I think information about TCs is usually offered on (some) DA threads as part of talking the OP through a whole range of practicalities and options.

I've never seen it offered in the spirit of "You'll get some modest payments. Sorted. Now get on and LTB already"

hattyhatter · 11/09/2015 08:01

Shining are you in a difficult situation yourself?

Badders123 · 11/09/2015 08:01

My sister does.
Her h treats her and her kids like crap but he was a very high earner.
She has a massive house, New car and several holidays a year.
Sounds great?
Maybe. Except the house and car are in his name (for tax reasons) and they have to go to the same place every holiday because He wont go anywhere else.
He is a pig.
But she likes the lifestyle.

hattyhatter · 11/09/2015 08:06

I don't think there is support out there.

What kind of support do you mean?

Shiningdew · 11/09/2015 08:08

Hatty, I have!

Support - I'm not quite sure. I think if you're in a very clear cut situation of abuse (physical, possible police involvement) there is support in terms of hostels and the like but for most women I imagine that's an absolute last resort.

I suppose support - maybe more in terms of emotional support really. I don't know!

OP posts:
hattyhatter · 11/09/2015 08:12

Oh you've left?

Yes, maybe peer-to-peer helplines would be good. Someone with time to chat.

The WA/Refuge line is a bit different.

Lightbulbon · 11/09/2015 08:12

In my situation money was the reason I stayed for an extra 2 months after I'd decided to leave.

We were in a private let and I had to wait until the notice was up to afford somewhere else. I was a student so not entitled to any benefits.

Shiningdew · 11/09/2015 08:25

No, just saying in general I don't think it's as simple as 'leave and you'll be ok for money and all will be well.' If only. I guess I'm saying I think it's so complex.

Badders I wouldn't presume to know your sister better than you but it might, just might, be more complicated than that.

OP posts:
hattyhatter · 11/09/2015 08:45

Yes, it's very complex.

marcinu · 11/09/2015 08:59

I think it's just one factor really. I left an abusive relationship 17 years ago and the support I got from benefits, social services and housing were invaluable. I left quite early after the abuse started, and I had education/employment experience behind me, which meant I had to confidence to know I would be OK on my own, even though I was pregnant and had no savings. I think a woman who has suffered abuse for years would have much less self-esteem and even presented with the financial figures of how much help is available, might assume that somehow the authorities wouldn't help. And some women are in much better financial situations within a marriage than they would be on benefits, so the drop in lifestyle would be hard to adjust to (we were on a low income when I was in a relationship and I was actually far better off once I left and placed in a council house and on benefits).

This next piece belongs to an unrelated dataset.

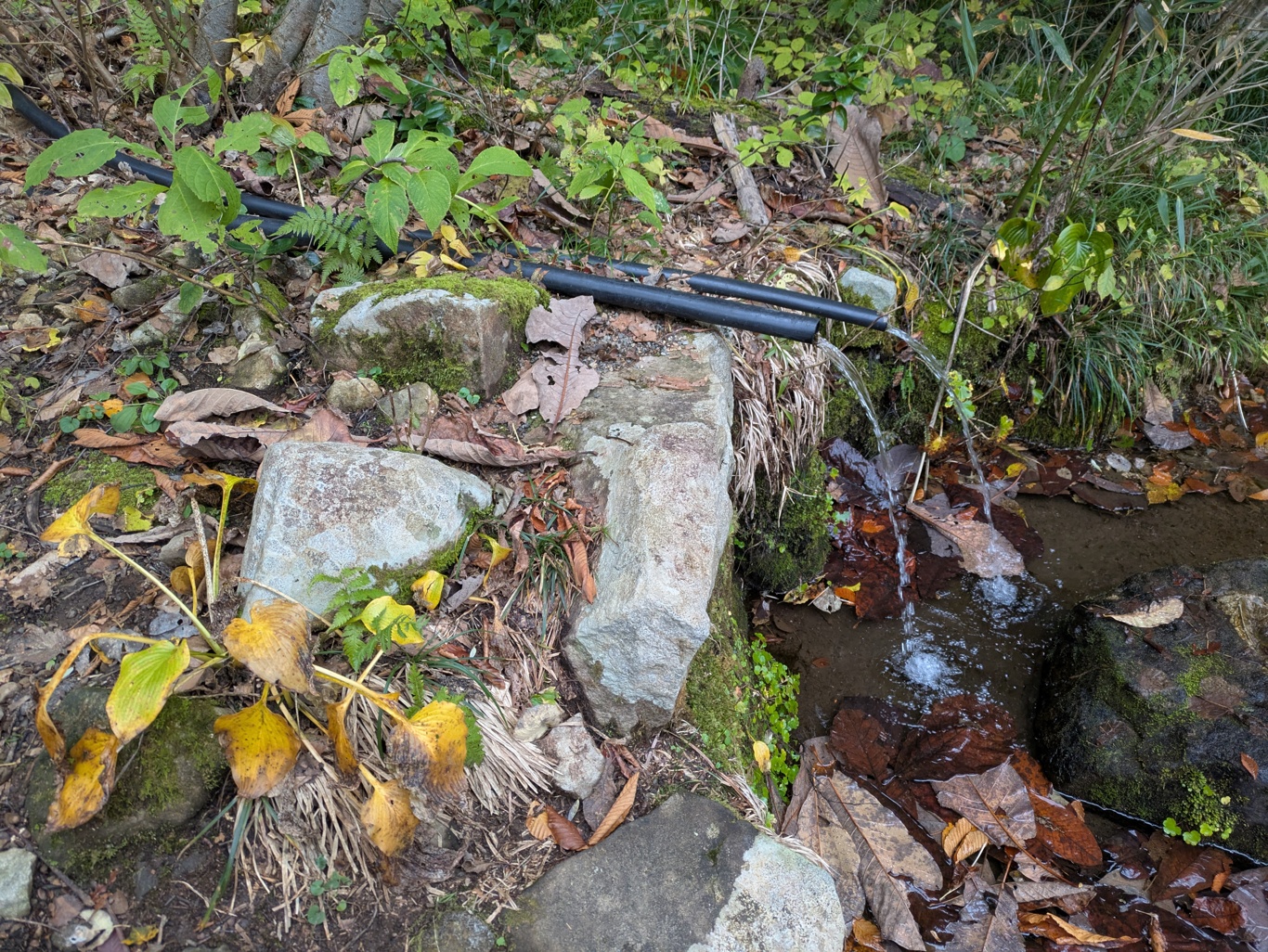 登山道に入ってすぐ水が汲めるので1リットル補給。

Plus the support available just isn't as strong as it once was. It's much harder to get council housing than it was when I got mine (and it wasn't easy then), single parents are forced off income support at a much earlier stage (I was able to stay on it until my DD was 10, which allowed me to retrain to a postgrad level), and now even tax credits are being cut for those who manage to stay in work.

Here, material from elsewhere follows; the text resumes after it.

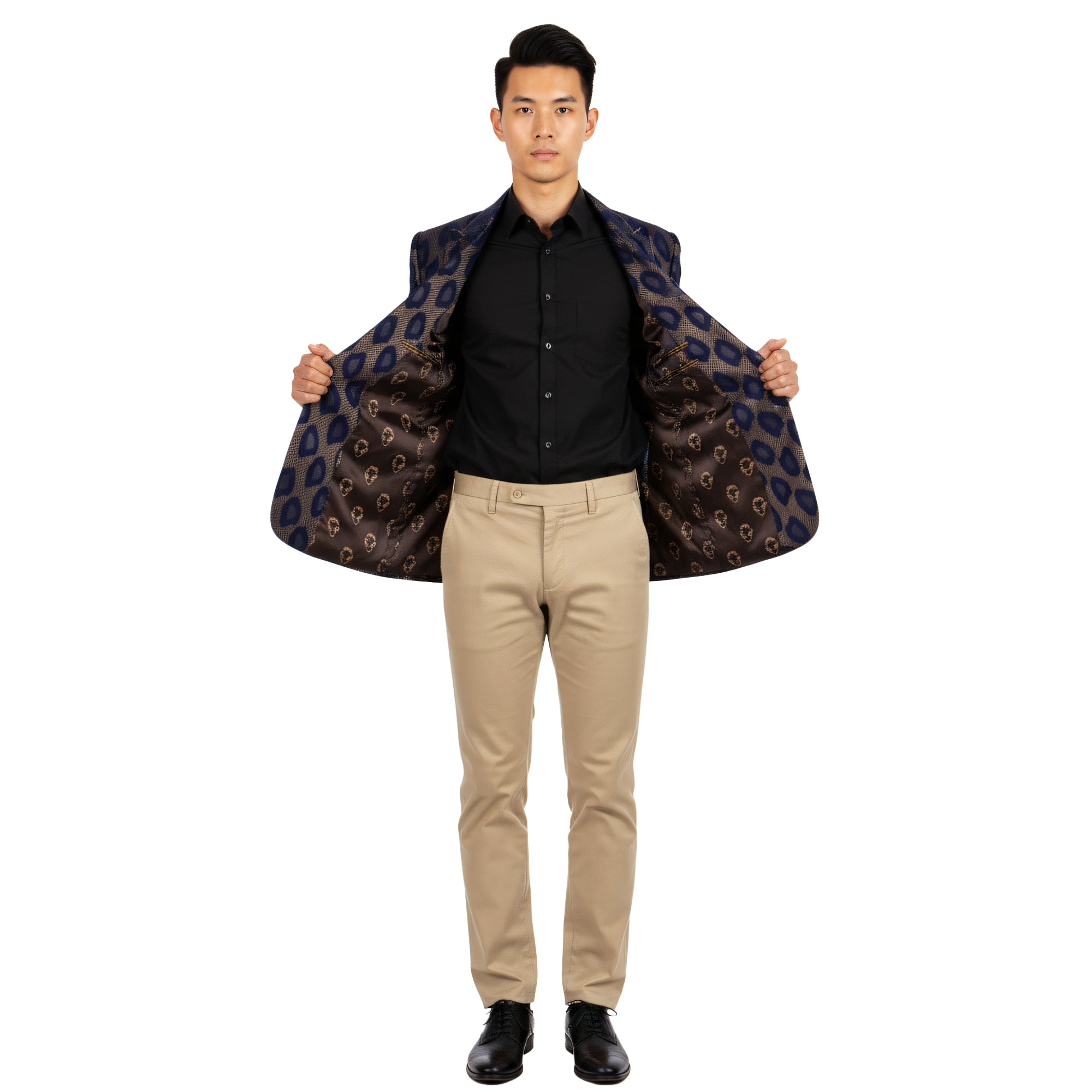 Refined and commanding, the Empire™ Hybrid-Fit Shawl Lapel Blazer is crafted for those who define their own spotlight. Featuring a navy petal-textured fabric with a sleek satin shawl lapel outlined in gold trim, this blazer embodies confidence, sophistication, and modern elegance. Its luxurious texture adds depth and dimension without overpowering, creating the perfect balance between subtlety and statement.
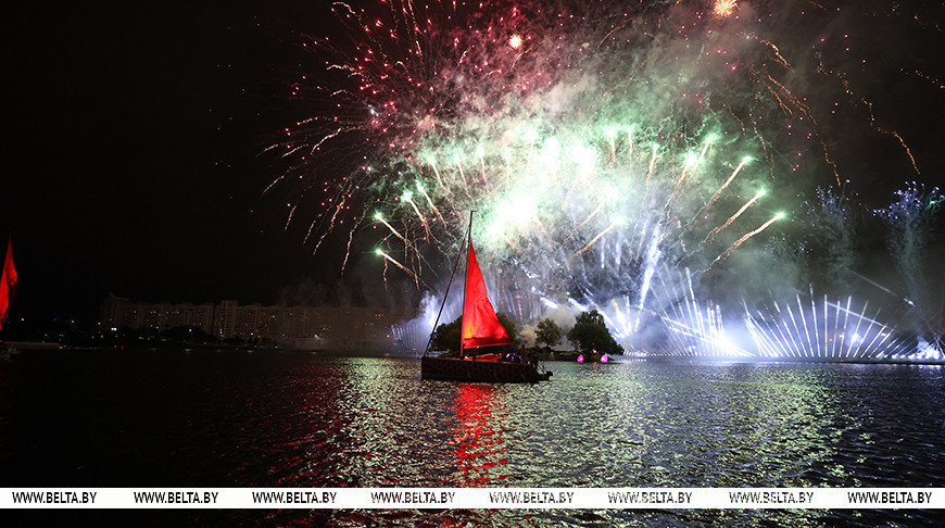 Изюминкой праздника стало водное шоу. Ведущие пригласили всех пройти к набережной реки Свислочь, где сначала появилось танцевально-световое шоу KRASILOV LIGHT SHOW. Затем началось пиротехническое шоу, под залпы которого по водной глади прошел корабль с алыми парусами. На нем находился главный художник праздника Юрий Борисевич. "Река в этом месте не обладает той глубиной, чтобы по ней мог пройти большой крейсер. Для этого главный художник вместе с архитекторами разработали специальный корабль, который может даже на неглубокой реке Свислочь плыть и маневрировать. Мало того, у судна паруса могут быть разного цвета. Юрий Борисевич также разработал всю сцену и даже те прекрасные разноцветные кувшинки, которые красиво зажигаются в воде", - проинформировала главный режиссер "Самого лучшего выпускного".

Shiningdew · 11/09/2015 09:03

Salient points marc

OP posts:
ohtheholidays · 11/09/2015 09:08

OP that's because for alot of us not having any money or being able to come by any money and having young children is a reason that we stayed in an abusive relationship.I had no choice!

That's the whole reason that alot of men that are abusive to they're partners control all the money,because without any money they know a women with children will stay!

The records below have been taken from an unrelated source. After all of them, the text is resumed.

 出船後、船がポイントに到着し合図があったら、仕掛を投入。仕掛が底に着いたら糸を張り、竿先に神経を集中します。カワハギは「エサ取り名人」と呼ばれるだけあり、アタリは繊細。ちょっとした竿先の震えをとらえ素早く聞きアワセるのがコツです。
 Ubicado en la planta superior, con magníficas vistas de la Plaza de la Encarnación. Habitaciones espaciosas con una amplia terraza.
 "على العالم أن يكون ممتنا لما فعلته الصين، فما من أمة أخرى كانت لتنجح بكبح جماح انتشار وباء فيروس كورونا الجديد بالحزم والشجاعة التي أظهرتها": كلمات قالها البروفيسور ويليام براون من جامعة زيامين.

Shiningdew · 11/09/2015 17:34

Ohtheholidays, I know that's one reason why women stay but I'm just saying that it isn't the reason.

OP posts:
fuzzywuzzy · 11/09/2015 17:39

Also thinking about it, it's a kind of check list to help the person leaving the relationship.

Make sure you have all important documents, a bank account in your name and all benefits going to that account.

I don't think anyone has ever suggested money is the only reason women stay in abusive relationships

Shiningdew · 11/09/2015 17:40

Not as such but I have definitely seen an air of 'you can afford it, leave' on here to be honest.